A statement is quantified if it has a qualification such as "for all" or "there exists". Let us consider an example commonly encountered in high school mathematics when studying quadratics: "there exists x such that ax^2 + bx + c = 0 has two different solutions for x". The statement is mathematically precise but the implications are unclear: what restrictions does this statement of existence force upon us? Quantifier Elimination (QE) replaces such a statement by an equivalent unquantified one, in this case by "either a is not zero and b^2 - 4ac is greater than 0, or all of a=b=c=0". The quantifier "there exists" and the variable x have been eliminated. The key points are: (a) the result may be derived automatically by a computer from the original statement using QE; (b) QE uncovers the special case when a=0 which humans often miss!

Solutions to QE problems are not numbers but algebraic descriptions which offer insight. In the example above QE did not provide solutions to a particular equation - it told us in general how the number of solutions depends on (a,b,c). QE makes explicit the mathematical structure that was hidden: it is a way to "simplify" or even "solve" mathematical problems. For statements in polynomials over real numbers there will always exist an equivalent formula without the quantification. However, actually obtaining the answer can be very costly in terms of computation, and those costs rise with the size of the problem. We call this the "doubly exponential wall" in reference to how fast they rise. Doubly exponential means rising in line with the power of a power, e.g. a problem of size n costs roughly 2^(2^n). When applying QE in practice, results may be found easily for small problems, but as sizes increase you inevitably hit the wall where a computation will never finish.

The doubly exponential wall cannot be broken completely: this rise in costs is inevitable. However, the aim of this project is to "push back the wall" so that lots more practical problems may be tackled by QE. The scale here means that pushing the wall even a small way offers enormous potential: e.g. 2^(2^4) is less than 66,000 while 2^(2^5) is over 4 billion! We will achieve this through the development of new algorithms, inspired by an existing process (cylindrical algebraic decomposition) but with substantial innovations.

The first innovation is a new computation path inspired by another area of computer science (satisfiability checking) which has pushed back the wall of another famously hard problem (Boolean satisfiability). The team are founding members of a new community for knowledge exchange here. The second innovation is the development of a new mathematical formalisms of the underlying algebraic theory so that it can exploit structure in the logic.
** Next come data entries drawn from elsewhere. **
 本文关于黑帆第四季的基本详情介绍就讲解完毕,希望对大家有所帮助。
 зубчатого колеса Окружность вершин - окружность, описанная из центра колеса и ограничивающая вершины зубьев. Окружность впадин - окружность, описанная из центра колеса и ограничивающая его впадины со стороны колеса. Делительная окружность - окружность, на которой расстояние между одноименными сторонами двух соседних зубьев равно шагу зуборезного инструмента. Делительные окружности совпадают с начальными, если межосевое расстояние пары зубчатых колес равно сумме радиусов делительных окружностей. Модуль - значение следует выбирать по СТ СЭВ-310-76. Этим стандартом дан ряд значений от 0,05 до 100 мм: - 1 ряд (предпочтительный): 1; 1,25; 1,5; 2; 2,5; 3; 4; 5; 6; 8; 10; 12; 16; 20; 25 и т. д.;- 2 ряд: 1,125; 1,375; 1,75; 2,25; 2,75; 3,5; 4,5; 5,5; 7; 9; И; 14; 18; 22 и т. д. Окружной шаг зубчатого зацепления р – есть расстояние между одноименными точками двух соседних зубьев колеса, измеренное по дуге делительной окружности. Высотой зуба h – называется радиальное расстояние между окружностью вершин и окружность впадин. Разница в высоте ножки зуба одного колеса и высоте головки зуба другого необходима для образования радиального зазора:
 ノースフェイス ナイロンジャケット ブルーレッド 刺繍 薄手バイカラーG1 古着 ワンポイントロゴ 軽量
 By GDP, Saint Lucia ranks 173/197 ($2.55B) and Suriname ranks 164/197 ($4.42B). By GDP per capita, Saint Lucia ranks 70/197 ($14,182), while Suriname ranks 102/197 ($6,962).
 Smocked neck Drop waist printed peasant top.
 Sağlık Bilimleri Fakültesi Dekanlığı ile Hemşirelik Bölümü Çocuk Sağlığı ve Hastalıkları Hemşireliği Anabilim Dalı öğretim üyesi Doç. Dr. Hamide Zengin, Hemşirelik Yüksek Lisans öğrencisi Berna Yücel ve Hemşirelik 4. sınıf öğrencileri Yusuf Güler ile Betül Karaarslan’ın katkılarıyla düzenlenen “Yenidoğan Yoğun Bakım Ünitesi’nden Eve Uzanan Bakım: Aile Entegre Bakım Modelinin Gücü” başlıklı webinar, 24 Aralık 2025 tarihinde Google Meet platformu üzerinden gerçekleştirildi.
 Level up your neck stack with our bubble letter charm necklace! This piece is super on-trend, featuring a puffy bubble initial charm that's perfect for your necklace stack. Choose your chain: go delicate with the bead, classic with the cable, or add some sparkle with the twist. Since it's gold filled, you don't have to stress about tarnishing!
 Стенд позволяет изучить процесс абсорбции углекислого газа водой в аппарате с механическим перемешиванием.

The team has prior experience of such developments and is joined by a project partner who is the world expert on the topic (McCallum). The third innovation is the relaxation of conditions on the underlying algebraic object that have been in place for 40+ years. The team are the authors of one such relaxation (cylindrical algebraic coverings) together with project partner Abraham.
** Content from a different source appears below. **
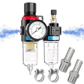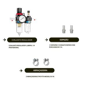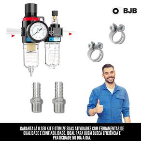 Kit Filtro com Conectores para Compressores de ar Características: Alta Precisão: Regulador com manômetro integrado para leitura precisa da pressão de saída, garantindo um controle eficiente do fluxo de ar.Filtragem Eficiente: Sistema de filtragem que remove partículas e umidade, protegendo suas ferramentas pneumáticas e aumentando sua durabilidade.Ajuste Fácil: Botão de ajuste ergonômico para fácil regulagem da pressão conforme a necessidade.Especificações Técnicas: Modelo: AFR-2000Faixa : 0-1.0 MPaMaterial: Corpo em alumínio de alta resistência com copos em policarbonato para visualização clara do nível de filtragem.Conexões: Rosca padrão compatível com a maioria dos compressores e ferramentas pneumáticas.Aplicações: Uso Industrial e Doméstico: Ideal para sistemas de ar comprimido em oficinas, fábricas e também para entusiastas do faça-você-mesmo.Proteção de Ferramentas: Mantém o ar limpo e seco, prolongando a vida útil de ferramentas pneumáticas e sistemas de ar comprimido.Vantagens: Durabilidade: Construção robusta que garante longa vida útil mesmo em ambientes de trabalho exigentes.Eficiência: Melhora a performance das ferramentas pneumáticas ao fornecer ar limpo e seco, reduzindo a manutenção e o desgaste.Incluso na Embalagem: 1 Regulador com Manômetro AFR-20002 Conectores de Engate Rápido2 Abraçadeiras de FixaçãoGarantia: Confiabilidade: do vendedor de 3 meses contra defeitos de fabricação.Adquira já este kit completo de regulador com manômetro e conectores, e garanta a eficiência e a longevidade das suas ferramentas pneumáticas. Ideal para quem busca qualidade e precisão em suas atividades diárias Marca: Não Informado Ean: 7891686783393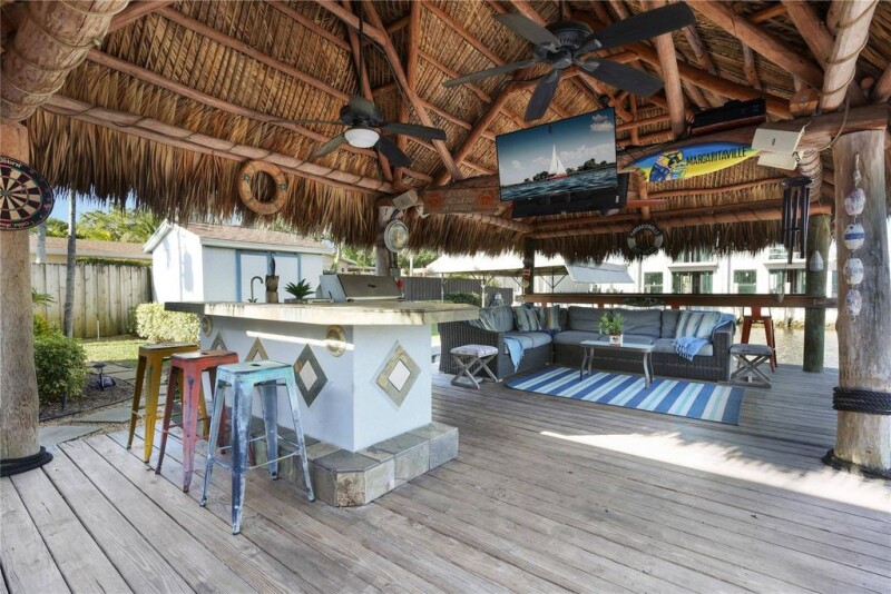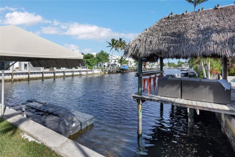 Waterfront Living with OCEAN ACCESS & 171’ Dock. No Fixed Bridges. Updated 4 bedroom 2 bath home with 2 car garage. Your private oasis backyard with boat dock for all your water toys, shed, resort style tiki hut with built in BBQ, TV’s & speakers for entertaining or relax at the pool & enjoy the water views. Step inside & enjoy the cozy fireplace, plantation shutters, central vac, remodeled kitchen with wood cabinets & quartz countertops, wood like floors throughout. Home has a professional security system, outdoor landscape lighting, impact windows & doors & is on a quiet cut-de-sac with no HOA or Rental Restrictions. Call today for a showing!.

QE has numerous applications, perhaps most crucially in the verification of critical software. Also in artificial intelligence: an AI recently passed the U. Tokyo Mathematics entry exam using QE technology. This project will focus on two emerging application domains: (1) Biology, where QE can be used to determine the medically important values of parameters in a system; (2) Economics where QE can be used to validate findings, identify flaws and explore possibilities. In both cases, although QE has been shown by the authors to be applicable in theory, currently procedures run out of computer time/memory when applied to many problem instances. We are joined by project partners from these disciplines: SYMBIONT from systems biology and economist Mulligan.